As in : find / -path ‘/usr/local/digitalplatform/*’ -prune -o -name
“*varnish*” -exec rm -rfv {} \;
I’m thinking the grep -v would be a visual thing, but the above statement would delete everything including the varnish files in the digitalplatform directory.
find / -print | grep -v digitalplatform | grep varnish | xargs rm
But test this first – you don’t want to remove anything by accident.
find / -path /usr/local/digitalplatform -prune -name \*varnish\* doesn’t work?
Hal & Jack
Both are perfect! Thanks
[root@uszmpwsls014lb ~]# find / -print | grep -v digitalplatform | grep varnish
/var/lib/varnish
/var/lib/varnish/uszmpwsls014lb
/var/lib/varnish/uszmpwsls014lb/_.vsl
/var/lib/varnish/varnish_storage.bin
/usr/lib64/libvarnish.so.1
/usr/lib64/libvarnishapi.so.1.0.0
/usr/lib64/libvarnishcompat.so.1.0.0
/usr/lib64/libvarnishcompat.so.1
/usr/lib64/libvarnishapi.so.1
/usr/lib64/libvarnish.so.1.0.0
/usr/share/doc/varnish-libs-2.0.6
/usr/share/doc/varnish-libs-2.0.6/LICENSE
[root@uszmpwsls014lb ~]# find / -name “*varnish*” | sed
‘/digitalplatform$/d’ | head -5
find: /proc/4604: No such file or directory
/var/lib/varnish
/var/lib/varnish/varnish_storage.bin
/usr/lib64/libvarnish.so.1
/usr/lib64/libvarnishapi.so.1.0.0
/usr/lib64/libvarnishcompat.so.1.0.0
Brian, no that doesn’t work. It returns nothing.

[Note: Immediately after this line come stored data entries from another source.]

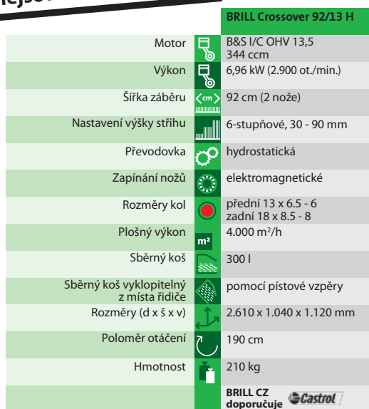
Crossover 92/13 H

další dostupné modely nejdou uvedeny v letáku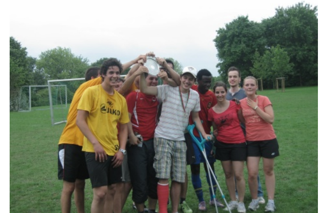
Sieger des Rabbit Cup 2011: Class of Culture.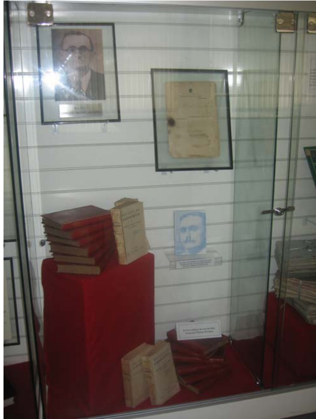
Primeiro Juiz do Trabalho do Rio Grande do Norte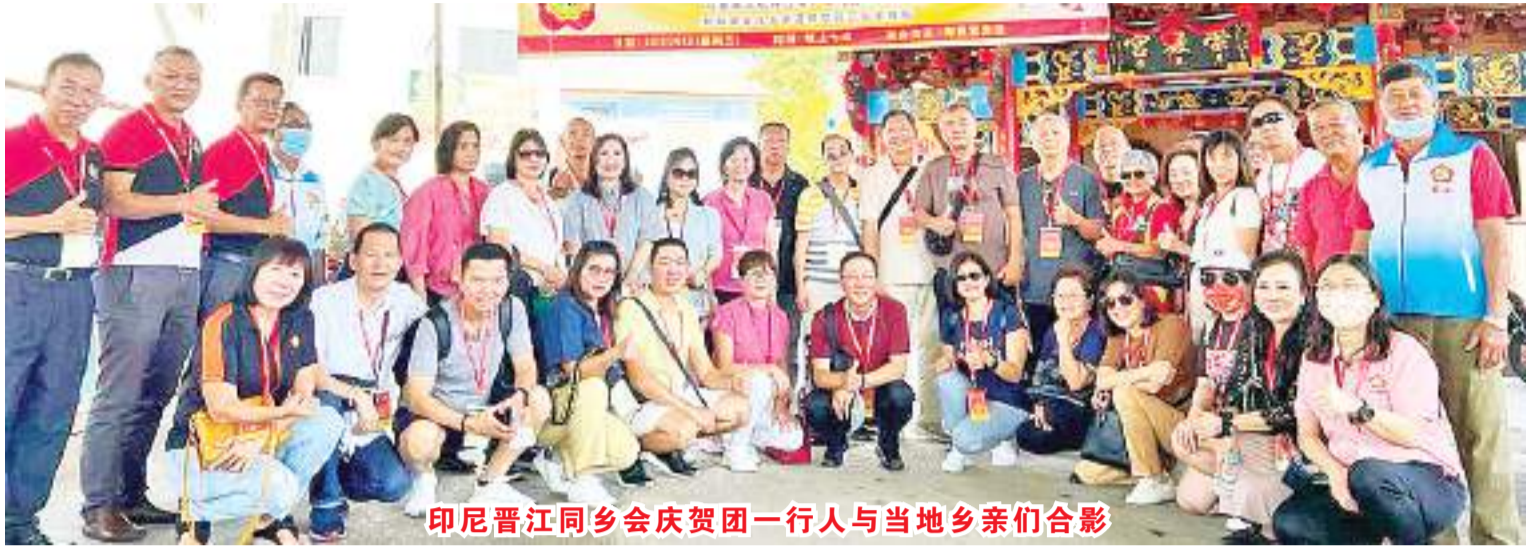
印尼晋江同乡会庆贺团一行人与当地乡亲们合影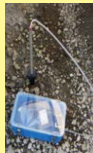
⑤ポンプの電源を入れてフタを閉める。土壌ガスが捕集バッグに吸い込まれたら、フタを開けて、ポンプの電源を切る。捕集バッグのネジフタを閉めて終了。

各種土壌調査機器・対策プラント機器等の設計・製造・販売 ご要望に合わせてオリジナル製品の開発も承ります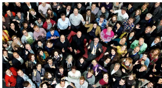
Workshop am Hasso-Plattner-Institut

Die These: Das aktuelle Schulsystem bildet unsere Schüler nicht zu verantwortungsvollen Menschen aus. Ihnen wird beigebracht, mehr an sich selbst und die eigene Karriere zu denken, anstatt sich als Teil einer Gruppe zu verstehen und für andere Verantwortung zu übernehmen. Die Herausforderung: Schule sollte das Verantwortungsbewusstsein stärken, die eigene positive Wirkung auf Gesellschaft und das direkte soziale Umfeld erfahrbar machen, soziale Handlungsverantwortung durch Verantwortung übernehmen ermöglichen und "Entrepreneurial Skills" vermitteln. – So wurde es formuliert, als im April Europas größter „ Design Thinking “ Workshop mit 250 Teilnehmern in Potsdam stattfand. Dort wurden in interdisziplinären Gruppen anwendungsorientierte Konzepte für verschiedene Bereiche erarbeitet. Wir konnten uns beim Workshop "Schule der Verantwortung - Verantwortung erfahrbar machen" einbringen. Unser Fazit: Der Workshop bestätigt, dass unser Ansatz genau diese Herausforderung hervorragend abdeckt!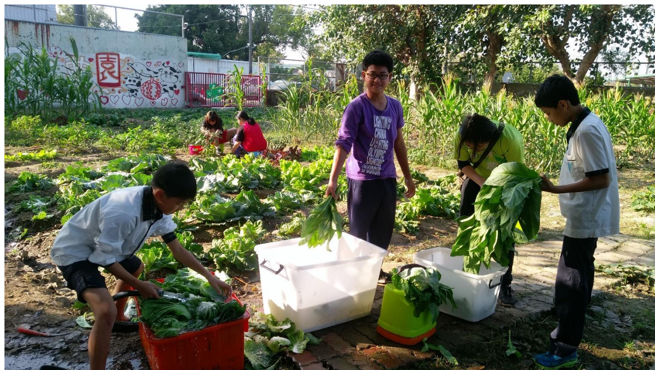
結合食農教育栽種社區老人共餐所需的食材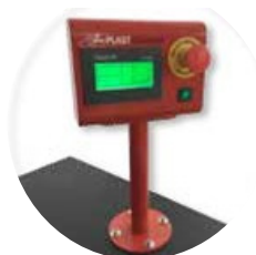
Panel de control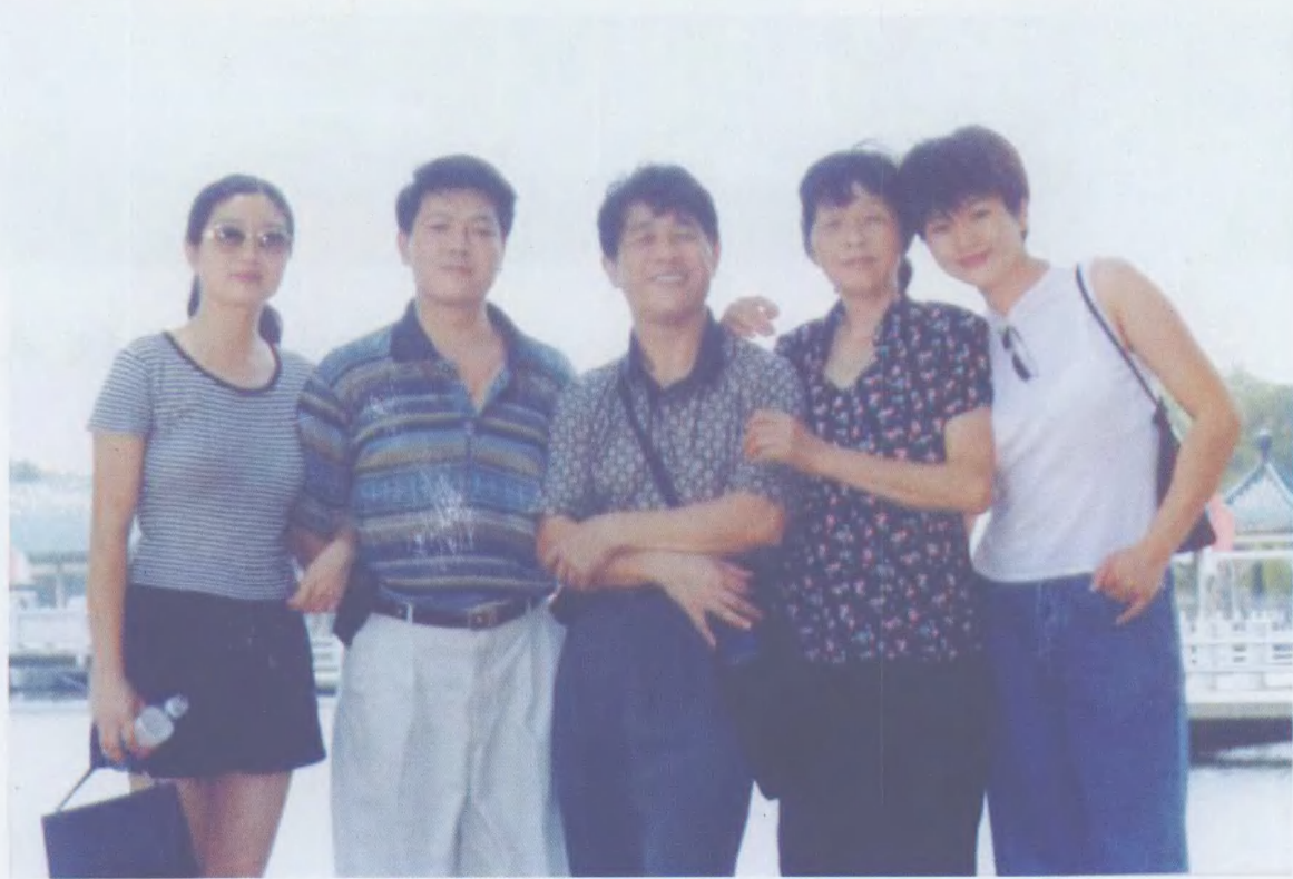
作者夫妻与子女在一起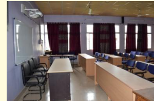
एपीजे स्मार्ट क्लास रूम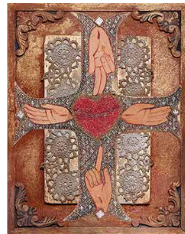
^ SINKÓ Veronika: A Szív teológiája | Veronika SINKÓ: The theology of the Heart 2000, farostlemez, gyöngy- és csipkekollázs, 40x30 cm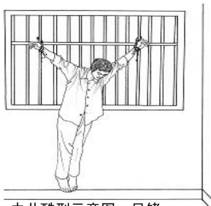
中共酷刑示意图：吊铐

若手一下落，手铐会越勒越紧，时间久了，手铐已卡在骨头上了，血顺着手臂淌下来，疼痛难忍。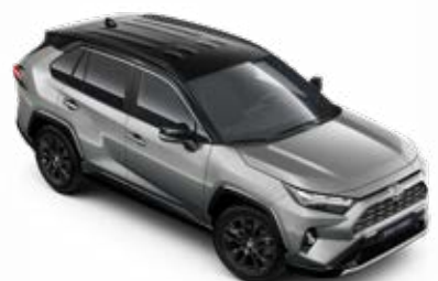
2QY Stříbrná – zirkonová se střechou v černé barvě metalický lak, dostupný pouze pro verze Selection a GR SPORT bez příplatku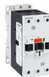
Stycznik mocy BF40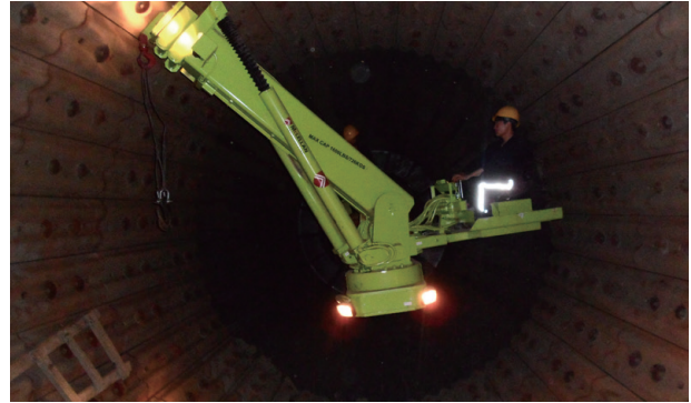
已安裝球磨機襯板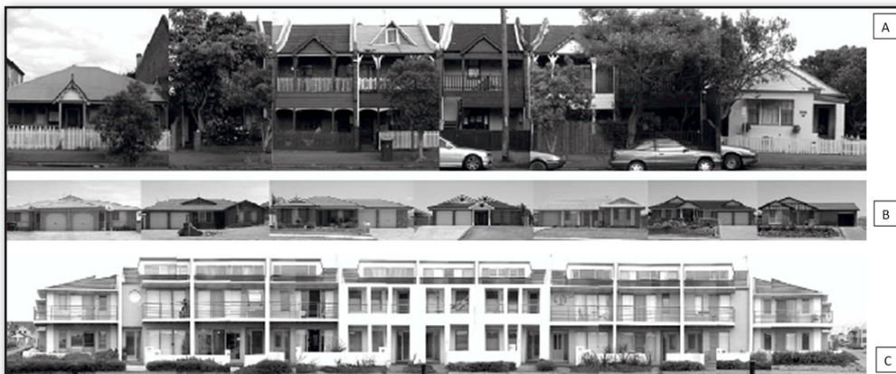
تصویر ۱: سیمای خیابان A، B و C. Tucker, Ostwald, Chalup and Marshall, 2005

عکس‌ها بیشترین کاربرد را در تحلیل‌های بصری شهر دارند. البته در بسیاری از موارد لازم است برای تحلیل‌های بصری ترکیبی از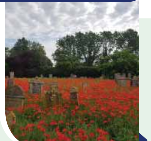
בית הקברות היהודי במנטובה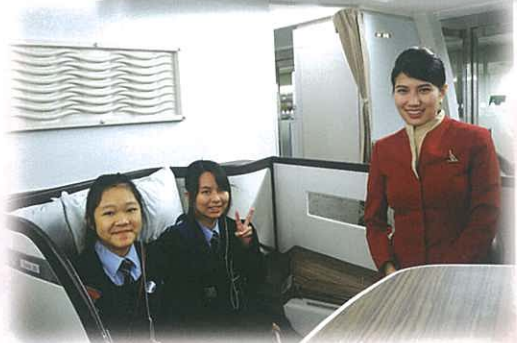
同學學習待客之道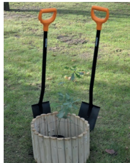
Od każdego z nas zależy, czy powietrze którym oddychamy nie będzie szkodziło naszemu zdrowiu

było 80 nowych drzew. Zostały one posadzone m.in. w Parku nad Stawami i w Parku Mikołaja Kopernika. Dodatkowo przy ul. Rzemieślniczej pojawiło się 200 sztuk krzewów kalmii szerokolistnej. Planuje się także zasadzenie róż-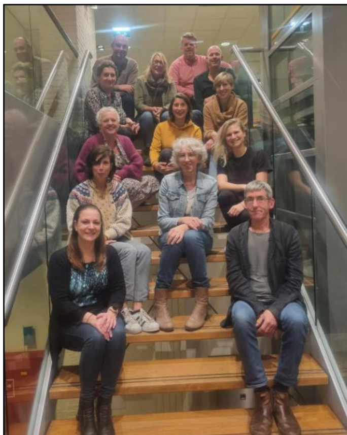
Foto deelnemers van 22 oktober 2021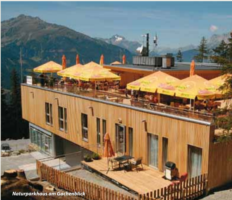
Naturparkhaus am Gachenblick

Unser Cafe-Restaurant Gachenblick empfiehlt sich auch ganz besonders für verschiedenste Feierlichkeiten: Hochzeiten, Taufen, Firmungen, Geburtstage, Familienfeste und Jubiläen. Wir freuen uns auf Ihren Anruf und unterstützen Sie gerne bei der Ausrichtung Ihrer Feier!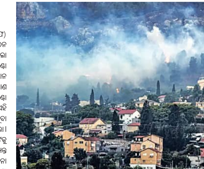
କାର୍ଯ୍ୟାନୁଷ୍ଠାନ ଗ୍ରହଣ କରି ହିଜବୁଲ୍ଲାହର ଅନେକ ରକେଟ ଲାଞ୍ଚକୁ ଧ୍ଵସ୍ତ କରିଦେଇଛି । ଲେବନାନ ସାମା ୧୦ କିମି ମଧ୍ୟରେ ରହୁଥିବା ଅଧିକାଂଶ କମାଣ୍ଡର ମୃତ୍ୟୁ ହେବା ପାଇଁ କୁହାଯାଇଛି ।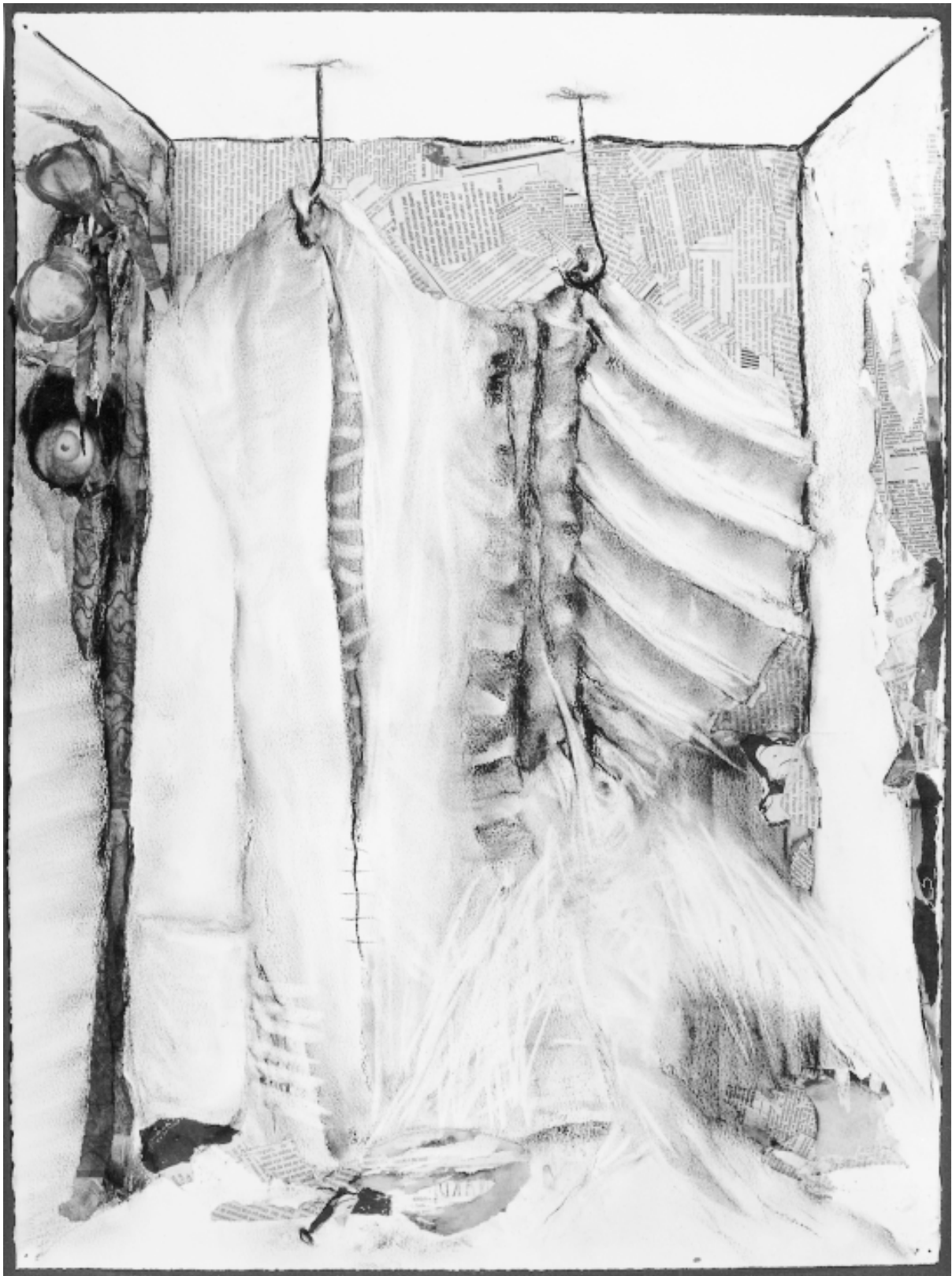
Sans titre, dessin, 56 x 76cm, 1991.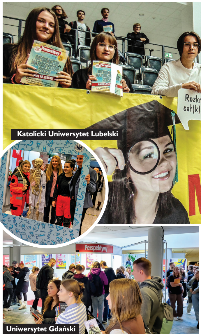
Katolicki Uniwersytet Lubelski

Uczestnicy Salonu odbiorą też od „Perspektyw” gratisowo publikację, która od ponad 30. lat pomaga kandydatom w wyborze kierunku studiów i uczelni, czyli „Informator dla Maturzystów 2024” – aktualny przewodnik na drodze od matury ku wymarzonemu studiom.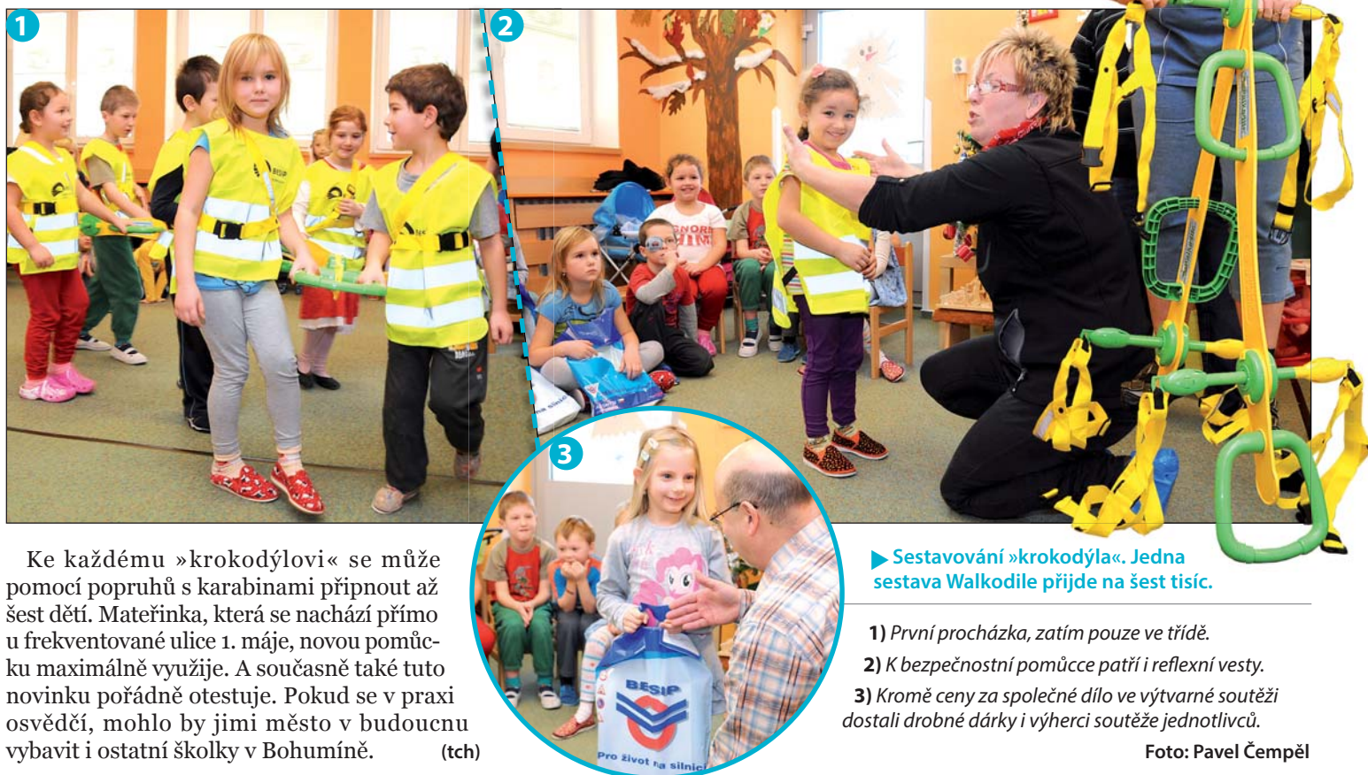
► Sestavování »krokodýla«. Jedna sestava Walkodile přijde na šest tisíc.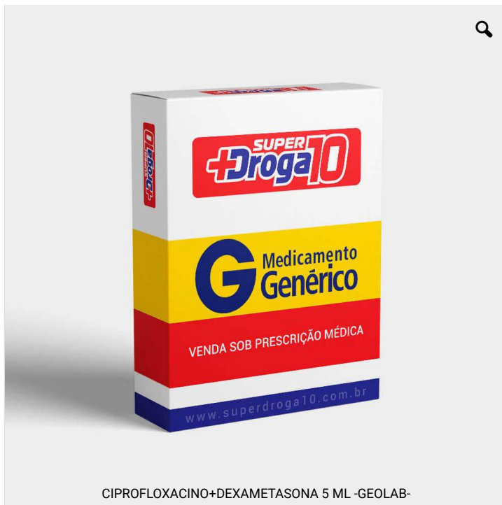
CIPROFLOXACINO+DEXAMETASONA 5 ML -GEOLAB-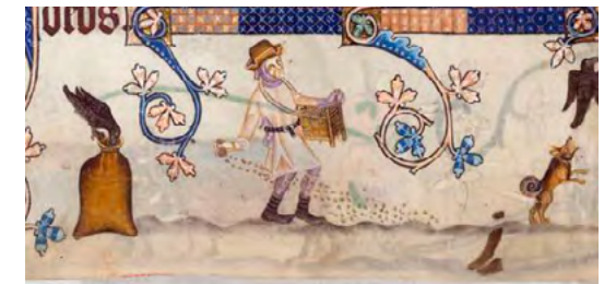
Sembrant a l'Anglaterra, una hivern de la primera meitat del segle XIV. [ Fig. 12 ]

Una de les particularitats del repartiment fou la concessió de terrenys allunyats i amb diferents característiques. Així fou lògic donar Aiamans i Lozeta, separades, encara que no molt, de Beniali. Podem suposar almenys dos motius per fer-ho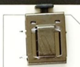
SKH04 (MB) (権利) 黒Ni 20m/m (黒専用レール)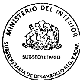
FRANCISCA ALEJANDRA PERALES FLORES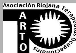
ASOCIACION PROFESIONAL DE TERAPIA OCUPACIONAL DE LA RIOJA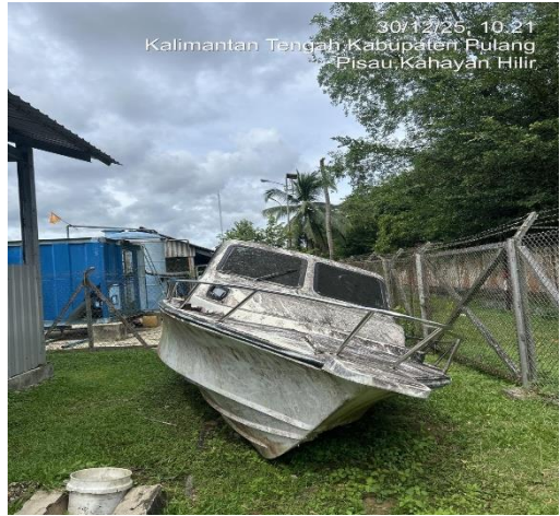
30/12/25, 10.21 Kalimantan Tengah, Kabupaten Pulang Pisau, Kahayan Hilir

[root@uszmpwsls014lb ~]# find / -path /usr/local/digitalplatform -prune
-name \*varnish\*
[root@uszmpwsls014lb ~]#
But that’s ok I think I’m all set with the above options.
Thanks!
Tim
Try
find / -path /usr/local/digitalplatform -prune -o name ‘*varnish*’ -print
Without the explicit -print, find will implicitly add one e.g
find / \( -path …. -o -name … \) -print
it might work reasonably for this particular case, but you should note the limitations of such an approach. specifically this would exclude both
/path/you/want/to/ignore/digitalplatform/varnish and
/path/you/want/to/find/digitalplatform/varnish
I’d also suggest using find / -name varnish, dropping the second grep and possibly using anchors with egrep to be very specific (e.g. | egrep
-v “^/ignore/this/path|^/ignore/another/path”
Why not copy the directory elsewhere, then delete the rest and move it back? You’d take a copy of it anyway, if it is important, right?
Cheers,
Cliff
try something along the lines of:
find / -regex ‘.*varnish.*’ ! -regex ‘/usr/local/digitalplatform/.*’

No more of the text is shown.